Tuning a plane is an art in itself, but not so difficult once you understand how things work.

You need to also have a solid understanding of grain "run out", that is, which way to go to get a nice shave or when you get the "chunk chunks".
Many times it's been compared to petting a cat. One way is smooth, the other resistive...something that one learns with practice and examination of the wood grain.

Either way, I agree that your jack plane is too big for working on a gunstock. It's really a tool for cabinetry. I like to use a spoke shave, but ever so carefully and for quick roughing-out work. Rasps and files afterwards, slow and careful!
 
I looked through my stuff and found an old Stanley 10 1/2(?) also. I got these from my uncle 30 + years ago, he was 95 when he died. I noted the no. 5 was put together wrong. Cleaned and sharpened the blades. I practiced a bit with the 10 and was getting a nice roll of chips. Guess the point of this is twofold: learning to use original tools, and recreating historical objects. Is a CNC/machine made longrifle authentic? Are perfectly fitting pieces consistent with original pieces?
 
The sole also needs to be perfectly flat around the mouth, heel, and toe. The mouth opening depends on the thickness of the shaving - fine for a thin shaving on a smoothing plane, wider for the thicker shaving taken by a jack or scrub plane. The edge may be curved or cambered depending on its use. The best resource I can send you to is Garrett Hack's The Handplane Book.
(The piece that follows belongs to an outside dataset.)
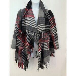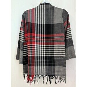 CJ Banks Womens Jacket Plus Size 1X Red Plaid Patchwork Fringe Boho Pockets Wool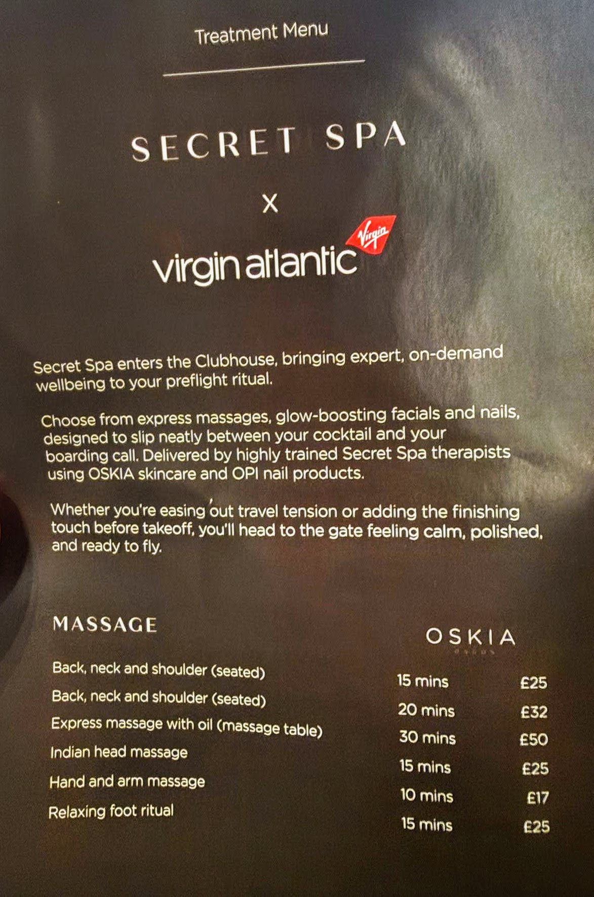 This service is available until 30 April 2026. However, apparently, if it is a success, they plan to make this a permanent feature. Feedback from passengers so far has been very poisitive so it looks good for the long term. Treatments are subject to availability and are bookable on arrival at the Clubhouse for guests traveling in Upper Class.

A jack plane will have limited use when building a longrifle apart from truing up the stock preparatory to laying out your lines, but you will find other uses for it. A block plane or a spokeshave will be a lot more useful for shaping - I know Mike Brooks uses a block plane for most of his shaping, and there is at least one surviving longrifle that shows evidence of having been shaped with small planes.

Elnathan
(who wants a set of wooden bench planes in a bad way...)
 
`Original, hand made stocks, always show some flaw. On top of that, wood swells and shrinks with the changes in humdity, so a " Perfect fit" is a rare, and possibly a transitory event. :hmm:

I would not worry about a gun made with CNC equipment, because even those stocks are hand finished, and sanded before the oil or synthetic finish is applied. This is called " Inspection touch up" and other euphemisms in the trade, but even in mass produced stocks, there is some hand work done, as needed.

You don't see it with laminated stocks these days, of course, because the laminations are so thin, and the glue is so thick, that inspectors simply reject a stock if it has a flaw, rather than spend the time in labor ($) to repair such wood.